Further, the node in the initial area corresponds to a location affinity and a traffic affinity, and the step of based on the area score of the node in the initial area and the initial area includes: calculating a weighted sum of the location affinity and the business affinity; calculating the ratio of the weighted sum value to the traffic load; and determining the ratio as the region score.

The region score can be quantified using the formula:

zoneScore = (locationAffinity + trafficAffinity) / trafficLoad

zoneScore is a linear regression multi-factor model that includes the influence of conditions of locationAffinity, trafficAffinity and trafficLoad; locationAffinity: and judging the link distance between the nodes in the area according to the physical topological view. The shorter the link distance value is, the higher the locationAffinity value is, and the easier the topology position is seen to belong to a region; trafficAffinity: judging the service affinity between nodes according to the historical service data flow and the task running number between the nodes, wherein the higher the trafficAffinity value is, the higher the node running history distributed operation frequency is, and the easier the node running history distributed operation frequency is divided into a region; trafficLoad: and judging the node service load according to the current service data flow of the node, wherein the higher the trafficLoad value is, the larger the load is. If divided into a region, traffic congestion is increased.

Step S2032, sorting the node list of the area based on the resource feature value and the node traffic load, to generate an area node having a sequence;

and ordering the node list of the region according to the resource characteristic value and the node service load based on the node list, and generating a sequence of the region nodes. As shown in fig. 6, a plurality of region node sequences are generated, each region node sequence including a plurality of nodes.

In a substep S2033, the target area is determined by associating the areas based on the job request.

The regions are associated based on the job request. The manner of association includes, but is not limited to, tag attribute matching selection, historical job data statistics correlation coefficients, load balancing or centralized use, and the like.
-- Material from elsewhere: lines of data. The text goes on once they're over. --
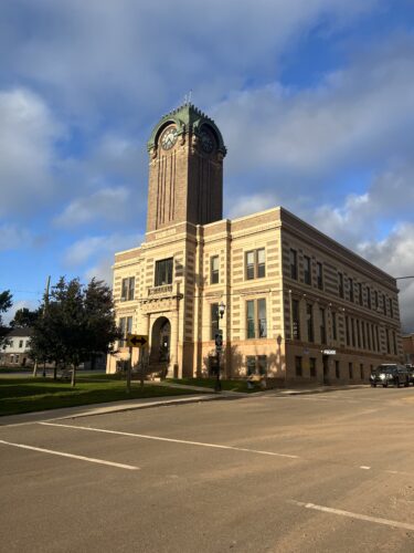 Negaunee’s two-story city hall has several defining features. One of the most prominent is its 94-foot-tall clock tower which sits atop alternating layers of light and dark brick.
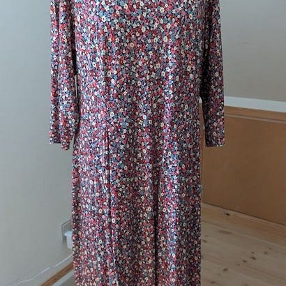Andet, Kjole, Du Milde, str. 42-44, Laks/hvid, Viscose, Næsten som ny, Flot Du Milde kjole, med bærestykke og korte ærmer. Blomstret i laks/orange/hvide farver.
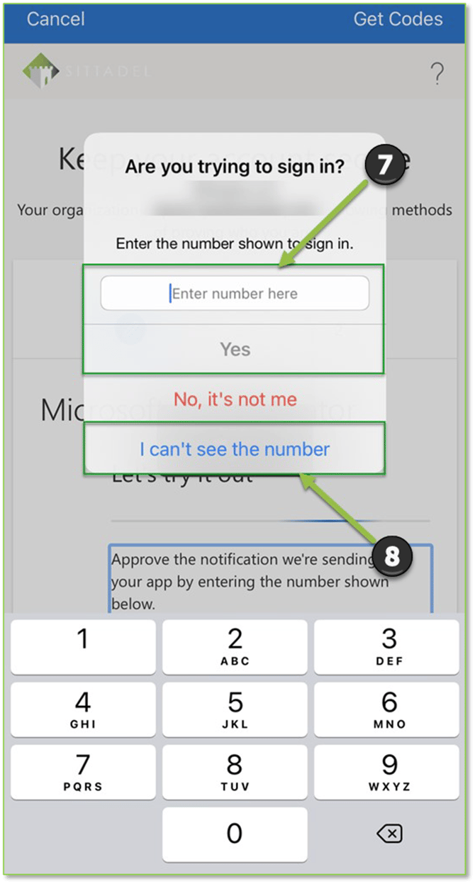 - You will be prompted to verify an MFA challenge during the registration process, a two-digit number will be displayed that you will be required to enter if you didn’t catch the code select the I can’t see the number option this will display the code again; tap the number to redisplay keyboard.
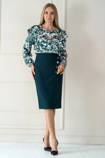 Блузка женская прямого силуэта, с разрезом ввиде капельки по спинке и застёжкой на навесную петлю и пуговицу. Перед и спинка с рельефными швами в шве соединения волан разной раной ширины. Рукава втачные, одношовные, длинные, понизу собранные на резинку. Юбка женская полуприлегающего силуэта, на подкладке, на притачном поясе, с застёжкой на тесьму-молнию в среднем шве заднего полотнища.
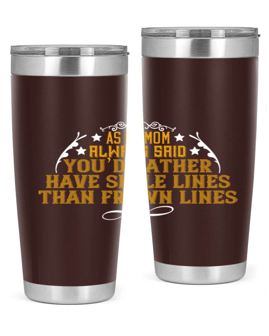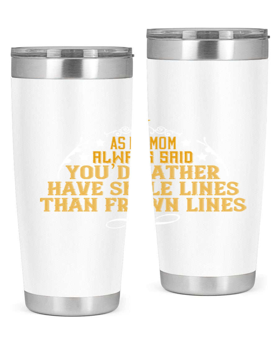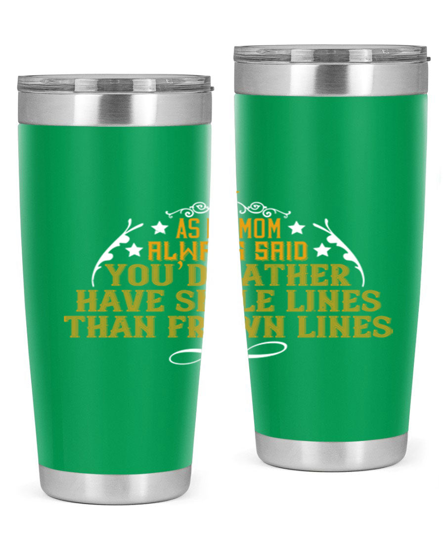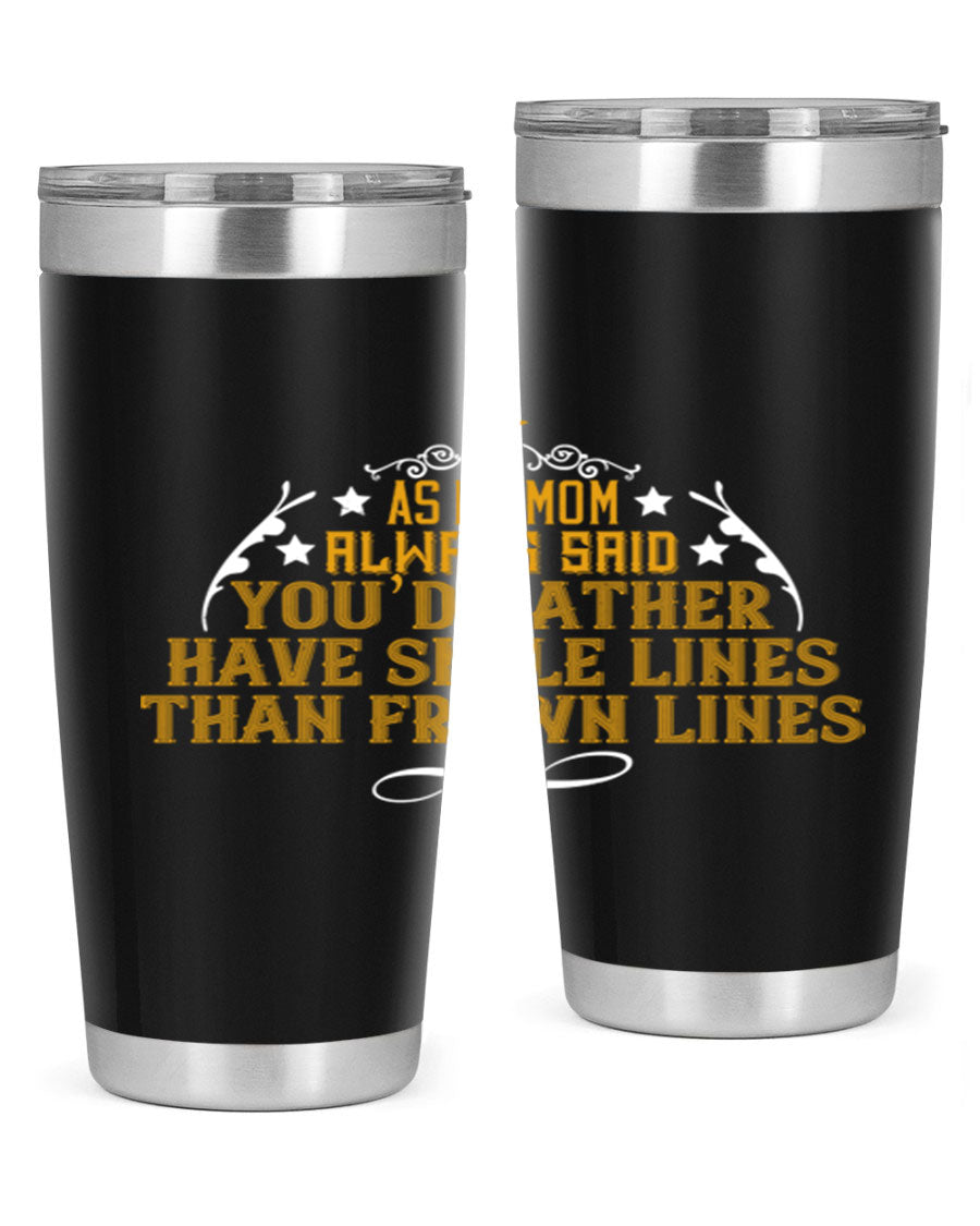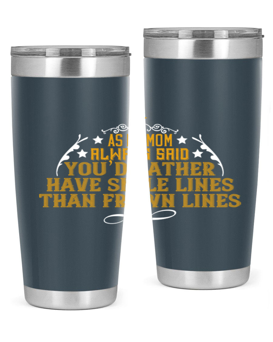 The 'As My Mom Always Said' tumbler comes with a press-in, drink-thru lid that allows for easy sipping without the hassle of spills. Its design fits perfectly in most cup holders, making it an ideal companion for road trips, commutes, or outdoor adventures. Whether you're heading to work or enjoying a day at the park, this tumbler is designed for convenience.

In the embodiment of the invention, the job request can be processed in parallel to enter the associated regional job queue. And then a target area in which the request is performed is determined.

Specifically, in one embodiment of the present invention, the step of associating the area based on the job request, and determining the target area includes: and associating the areas based on the job type of the job request, and determining the target area.

The areas of the same type may be associated according to the type of job request and the target area may be determined therefrom.

Step 204, in response to the job request concurrent with the cluster, determining a target area from the virtual cluster topology view according to the node task flow index;

in the embodiment of the invention, the job request can be processed in parallel to enter the associated regional job queue. And determining a target area from the virtual cluster topology view according to the node task flow index. Further scheduling is performed in the target area.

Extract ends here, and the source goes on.